:: WHAT IS EXPECTED ::
Retype the whole listing below exactly, keeping every picture out of it.

:: SUPPLIED DATA ::
▬▬▬▬▬▬▬▬▬▬

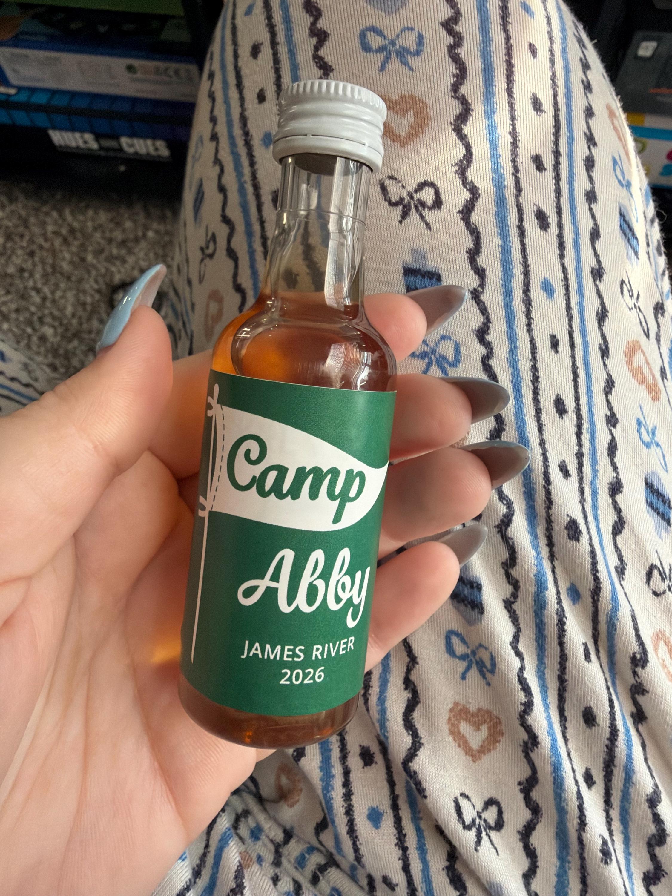 This personalized shooter label is perfect for your camp bachelorette party favors. Your bridal party will love these!
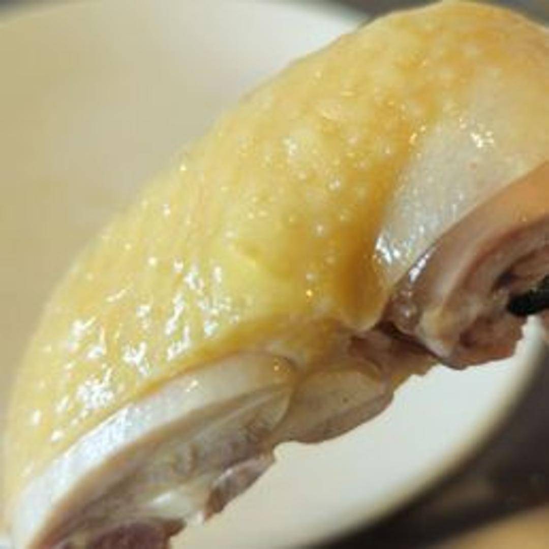 Poached chicken served with fragrant rice cooked in chicken broth and a dipping sauce of ginger and scallions.
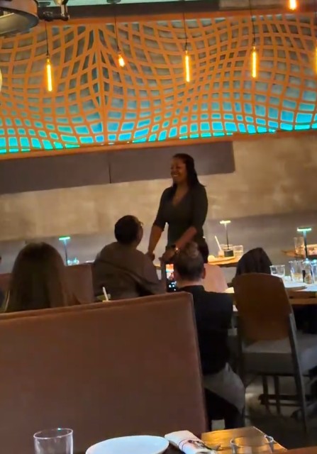 A lady screamed in excitement after witnessing a surprise proposal while filming herself at a restaurant.

▬▬▬▬▬▬▬▬▬▬

:: EXERCISE ANSWER ::
 This personalized shooter label is perfect for your camp bachelorette party favors. Your bridal party will love these!
 Poached chicken served with fragrant rice cooked in chicken broth and a dipping sauce of ginger and scallions.
 A lady screamed in excitement after witnessing a surprise proposal while filming herself at a restaurant.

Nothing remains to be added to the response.